Something I hear a lot when it comes to the recent AI stuff like Stable Diffusion, Dall-E, chatGPT, etc. etc. etc. is some version of “this technology is just in its infancy, imagine what it will be able to do in a few years!” I’m not saying that these AI technologies won’t improve, but the thing is, it’s just not true that these technologies are in their infancy. These technologies are all developments of technologies which have been worked on for decades.
At their core, these approaches are various ways of doing massive quantities of massive matrix multiplications in order to encode the relationships between data. The T in chatGPT stands for “Transformer,” which is a variant of the previous types which had generally had some form of “neural” in the their name, such as Convolutional Neural Networks or Recurrent Neural Networks. In particular, Transformers (which were first mentioned publicly by a team at Google in 2017) replaced RNNs as the model of choice in natural language processing by being simpler and having the feature of being able to do the pre-training in parallel, which made vastly larger training data sets feasible.
Transformers were not a radically new idea that created a field which didn’t exist before; they were a new approach which was created because a large number of well funded smart people had been working in the field for a long time on relatively similar approaches. It’s an innovation which yielded noticeably better results, it might even be a breakthrough. What it’s not is the first dipping of humanity’s toe into something no one had ever done before. It may be the first supersonic flight; it is not the first flight at Kitty Hawk.
Moreover, the hardware to execute these things has been under development for a very long time. A huge breakthrough in performance came when the AI algorithms were adapted to run on GPUs (graphics processing units, the things that do all of the calculations for 3D graphics). This provided a relatively inexpensive source of incredibly high performance in number crunching that made the massive amount of processing involved in AI far more accessible. The thing is, this was like a decade ago. Since then special-purpose GPUs have been created to do the work even more cost-effectively (One I know of in the current generation of them is the nVidia A100 which costs around $10,000). But wait, there’s more!

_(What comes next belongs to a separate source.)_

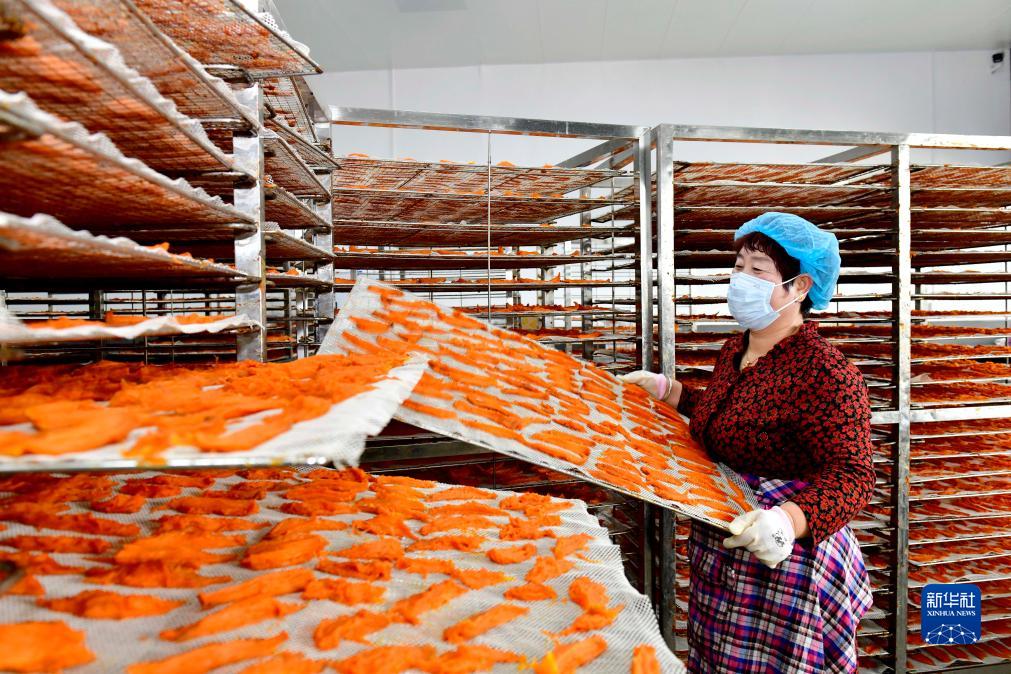 11月11日,在五莲县潮河镇魏家薯干专业合作社,工作人员在加工薯干。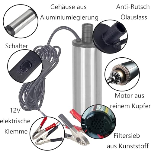 【Durable and Efficient Diesel Pump-12V 51MM】Die Dieselpumpe ist aus hochwertigem Edelstahl-Material, gute Dichtungsleistung, Korrosionsbeständigkeit, niedriger Stromverbrauch und hohe Ausgangsleistung. Maximale Durchflussmenge: 30L/min, Pumpendurchmesser: 51mm, Schlauchaußendurchmesser: 19mm, geeignet für 19mm Wasserleitung • 【Reiner Kupfermotor-Low Noise】Die Dieselpumpe verwendet einen DC 12V DC reinen Kupfermotor, der speziell für Diesel ausgelegt ist. Der Boden der Pumpe muss vollständig in die Flüssigkeit getaucht werden, wenn sie in Gebrauch ist. • 【Edelstahl-Aussehen Design, einfach zu bedienen und zu reinigen】 Es gibt einen Kunststofffilter an der Unterseite der Kraftstoffpumpe, der nicht leicht zu rosten ist und Verunreinigungen am Eindringen verhindern kann. • 【3M Cord + Alligator Clips*2】 Diese elektronische Dieselpumpe hat ein 3M langes, flexibles Stromkabel, das überall hinreichen kann, um Öl leicht anzusaugen. Die Saugpumpe eignet sich für Erntemaschinen, große Landmaschinen, Baumaschinen, große Radtraktoren und andere Fahrzeuge, bei denen das Tanken nicht bequem ist. • 【Caution】1. Benzin oder andere brennbare Flüssigkeiten sind streng verboten, diese elektronische Ölpumpe zu verwenden.2. Bitte verwenden Sie diese Pumpe nicht kontinuierlich für mehr als 20 Minuten, müssen Sie für etwa 10~20 Minuten nach jeder Arbeit ruhen.3. Wenn Sie den Schalter zuerst einschalten und dann die Pumpe in die Flüssigkeit tauchen, wird die Pumpe nicht funktionieren.4. Lassen Sie die Dieselpumpe nicht leer laufen.

Cerebras developed the Wafer Scale Engine—an AI processing chip the size of an entire silicon wafer—back in 2019. It’s an impressive piece of technology; it consumes about 22kW of electricity in a silicon wafer that’s 300mm in diameter (basically, 1 foot wide). It’s quite a technical achievement, but it went on sale back in 2019. There will be newer and better ones, to be sure, but it’s not a new idea with completely untapped potential.
Don’t get me wrong. I’m not saying that this is the end of technological development, or that AI won’t get any better. It would be outright shocking if there were no further improvements. My point is that the improvements that we’re going to see are most likely to be much slower than the people who don’t know anything about the history of AI development think it will be. We’re not at the very beginning of an exponential curve.
I do strongly suspect that generative AI is going to be useful, just as classificational AI has proven useful. The thing is, classificational AI has been with us for a while—it’s things like face unlock on phones and de-noising of video and audio and actually usable speech-to-text. It’s gotten better, and it continues to get better, but speaking as someone who develops technology: a technology becomes viable when it works all of the times for a use, not merely when it can do an impressive demo under favorable circumstances. And in the real world, edge cases are often 99% of the work and not being able to handle them often means that a tool is more work than it saves. The result is frequently a limited-use tool for cases which the new technology is good at, and it’s one more tool in the toolbox of a human being who can handle all the edge cases.
That’s why the result of all of the labor-saving devices is people being so busy all the time.